Roland asserted that that the warranty could not nullify coverage if the hole in the fence did not contribute to the loss in any way and supported its claim with the Texas Insurance Code's "Anti-Technicality Statute" [Section 862.054], which provides:
Unless the breach or violation contributed to the destruction of property, a breach or violation by the insured of a warranty, condition, or provision of a fire insurance policy or contract of insurance on personal property . . . (1) does not render the policy or contract void; . . .
The lower court agreed with Roland and required the insurer to cover the loss. On appeal to the Fifth Circuit, the insurer argued that the Anti-Technicality Statute should not apply to this case because the insurance at issue was a liability policy, not "a [first-party] fire insurance policy or contract of insurance on personal property." Nevertheless, the appellate court rejected this argument.
The Fifth Circuit held that policies referencing, as here, "legal liability," are not "by default liability insurance contracts." Relying on the Texas Supreme Court's decision in Hudiburg Chevrolet, Inc. v. Globe Indemnity Co., 394 S.W.2d 792 (Tex. 1965), the appellate court noted that Texas had adopted the majority rule for coverage of loss of property in the hands of a bailee like Roland), which states:
Policy provisions covering property contained in specified places and "for which the insured is liable" have been held to insure against loss and to indemnify insured against his legal liability in tort or by contract to the owners of the property.

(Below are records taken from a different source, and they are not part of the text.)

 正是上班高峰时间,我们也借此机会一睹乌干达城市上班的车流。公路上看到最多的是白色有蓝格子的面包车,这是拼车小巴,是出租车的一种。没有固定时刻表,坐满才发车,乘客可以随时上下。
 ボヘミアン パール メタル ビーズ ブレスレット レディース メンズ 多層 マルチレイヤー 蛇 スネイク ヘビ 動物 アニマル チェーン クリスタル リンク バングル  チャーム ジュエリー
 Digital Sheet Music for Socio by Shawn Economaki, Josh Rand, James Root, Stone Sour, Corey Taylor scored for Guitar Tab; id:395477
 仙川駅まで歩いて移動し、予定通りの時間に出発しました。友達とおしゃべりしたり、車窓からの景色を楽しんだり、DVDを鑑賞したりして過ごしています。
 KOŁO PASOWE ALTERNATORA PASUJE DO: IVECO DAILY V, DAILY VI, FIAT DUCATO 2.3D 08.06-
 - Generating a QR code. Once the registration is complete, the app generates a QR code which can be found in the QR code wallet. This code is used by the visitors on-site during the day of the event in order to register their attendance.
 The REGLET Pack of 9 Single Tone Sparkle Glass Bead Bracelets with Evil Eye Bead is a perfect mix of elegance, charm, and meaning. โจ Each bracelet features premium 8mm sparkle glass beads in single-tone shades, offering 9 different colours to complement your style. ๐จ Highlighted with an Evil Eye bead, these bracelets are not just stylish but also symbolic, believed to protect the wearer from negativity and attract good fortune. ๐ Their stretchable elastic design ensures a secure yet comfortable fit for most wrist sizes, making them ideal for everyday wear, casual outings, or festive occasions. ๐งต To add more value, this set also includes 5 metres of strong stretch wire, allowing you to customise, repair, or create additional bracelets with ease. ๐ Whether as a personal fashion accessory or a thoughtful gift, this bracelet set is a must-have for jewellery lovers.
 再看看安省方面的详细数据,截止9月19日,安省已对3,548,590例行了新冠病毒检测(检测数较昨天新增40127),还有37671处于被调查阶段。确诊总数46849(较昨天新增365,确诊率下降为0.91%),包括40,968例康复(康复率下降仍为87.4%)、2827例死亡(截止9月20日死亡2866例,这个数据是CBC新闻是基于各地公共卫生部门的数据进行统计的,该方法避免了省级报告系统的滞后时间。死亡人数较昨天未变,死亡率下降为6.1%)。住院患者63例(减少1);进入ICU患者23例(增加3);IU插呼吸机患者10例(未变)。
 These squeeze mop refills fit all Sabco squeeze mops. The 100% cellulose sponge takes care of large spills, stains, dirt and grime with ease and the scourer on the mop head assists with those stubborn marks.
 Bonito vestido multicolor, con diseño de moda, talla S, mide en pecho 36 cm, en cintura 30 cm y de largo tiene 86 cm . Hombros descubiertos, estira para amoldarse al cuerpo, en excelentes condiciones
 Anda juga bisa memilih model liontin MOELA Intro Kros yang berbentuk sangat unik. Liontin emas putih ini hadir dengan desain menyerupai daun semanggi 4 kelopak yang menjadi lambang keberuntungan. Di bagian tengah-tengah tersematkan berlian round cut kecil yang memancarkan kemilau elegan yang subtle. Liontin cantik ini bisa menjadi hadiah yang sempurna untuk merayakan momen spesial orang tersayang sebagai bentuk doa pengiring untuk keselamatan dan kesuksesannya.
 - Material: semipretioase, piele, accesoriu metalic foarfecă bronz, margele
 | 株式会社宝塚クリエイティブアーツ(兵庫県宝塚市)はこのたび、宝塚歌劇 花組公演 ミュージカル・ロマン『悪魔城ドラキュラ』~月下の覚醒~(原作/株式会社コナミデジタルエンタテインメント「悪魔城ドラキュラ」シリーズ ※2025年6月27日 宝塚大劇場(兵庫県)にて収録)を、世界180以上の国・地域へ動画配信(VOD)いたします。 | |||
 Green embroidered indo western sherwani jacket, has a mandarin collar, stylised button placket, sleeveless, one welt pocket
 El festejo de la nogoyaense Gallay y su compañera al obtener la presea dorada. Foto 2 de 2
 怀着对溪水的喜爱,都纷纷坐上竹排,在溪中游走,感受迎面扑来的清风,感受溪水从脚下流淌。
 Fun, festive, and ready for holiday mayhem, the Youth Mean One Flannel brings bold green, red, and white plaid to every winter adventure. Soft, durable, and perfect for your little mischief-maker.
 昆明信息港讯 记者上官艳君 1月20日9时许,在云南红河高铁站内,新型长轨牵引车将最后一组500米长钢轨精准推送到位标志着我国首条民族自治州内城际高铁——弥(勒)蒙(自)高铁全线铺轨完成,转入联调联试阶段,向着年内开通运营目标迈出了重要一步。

Thus, an insured bailee may sue the insurer under this rule for losses of the owner's property. The Fifth Circuit reasoned that policies insuring against the theft of property belonging to a third party while under the care, custody, and control of the insured, "have previously been considered property policies under Texas law," even if the policy uses the term "legal liability." The property owned by a third party is thus deemd first-party insurance for purposes of the Anti-Technicality statute.